### Task brief
In the records below, find the line holding "ナツメグの甘くてスパイシーな"; copy it and every line after it to the end, omitting all images.

**** Exercise materials

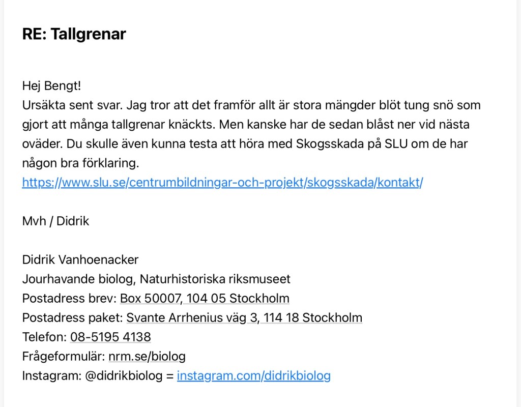 Jourhavande biolog om det stora antalet knäckta tallgrenar Screenshot Dela det här: Klicka för att dela på X (Öppnas i ett nytt fönster) X Klicka för att dela på Facebook (Öppnas i ett nytt fönster) Facebook Gilla Laddar in … Relaterade
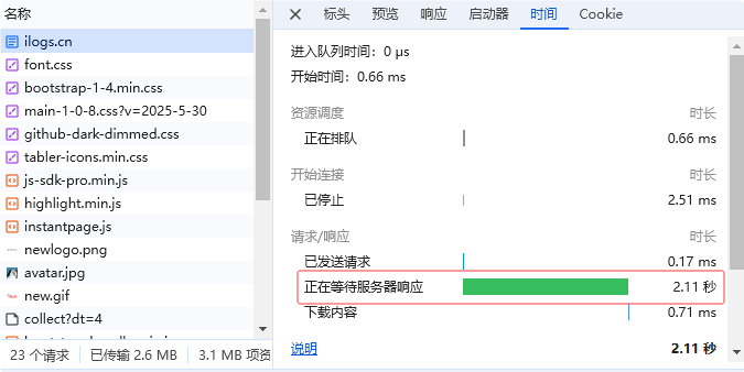 真是被折磨得够呛!从6月4号那天我重装了阿里云ECS的系统开始,网站的访问总是会卡顿几秒。浏览器加载页面时,那个“正在等待服务器响应”动不动就飙到2~4秒以上,简直要命!
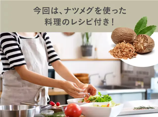 ナツメグの甘くてスパイシーな香りは、肉の臭み消しに有効。ハンバーグや肉料理、スパイス入りのケーキやクッキー、ドリンクなどさまざまに利用されます。また、乳製品の臭み消しにも有効で、牛乳やチーズも相性抜群です。
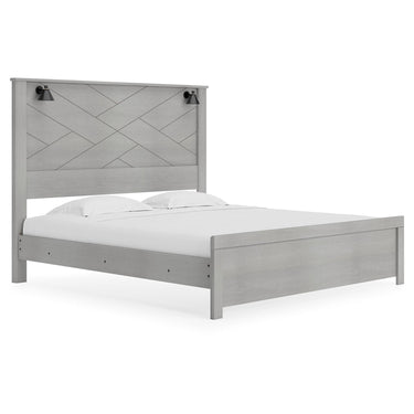 Cottonburg - Light Gray/white - King Panel Bed With Sconce Lights
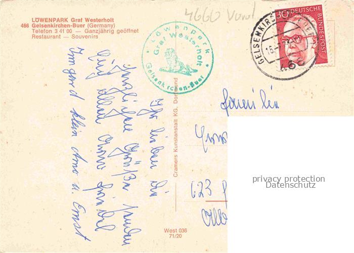 74096520 alte Postkarte Loewe Lion– Graf Westerholt Gelsenkirchen Buer postalisch gelaufen Erhaltung siehe scans [SanaeD93] KatCode: 22540000003300
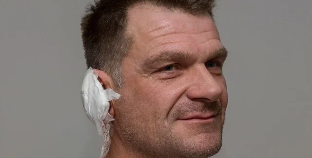 Оказалось, что у него разбита голова, повреждено ухо, два пальца на руке и многочисленные ушибы на предплечьях и руках.

********

### Task solution
 ナツメグの甘くてスパイシーな香りは、肉の臭み消しに有効。ハンバーグや肉料理、スパイス入りのケーキやクッキー、ドリンクなどさまざまに利用されます。また、乳製品の臭み消しにも有効で、牛乳やチーズも相性抜群です。
 Cottonburg - Light Gray/white - King Panel Bed With Sconce Lights
 74096520 alte Postkarte Loewe Lion– Graf Westerholt Gelsenkirchen Buer postalisch gelaufen Erhaltung siehe scans [SanaeD93] KatCode: 22540000003300
 Оказалось, что у него разбита голова, повреждено ухо, два пальца на руке и многочисленные ушибы на предплечьях и руках.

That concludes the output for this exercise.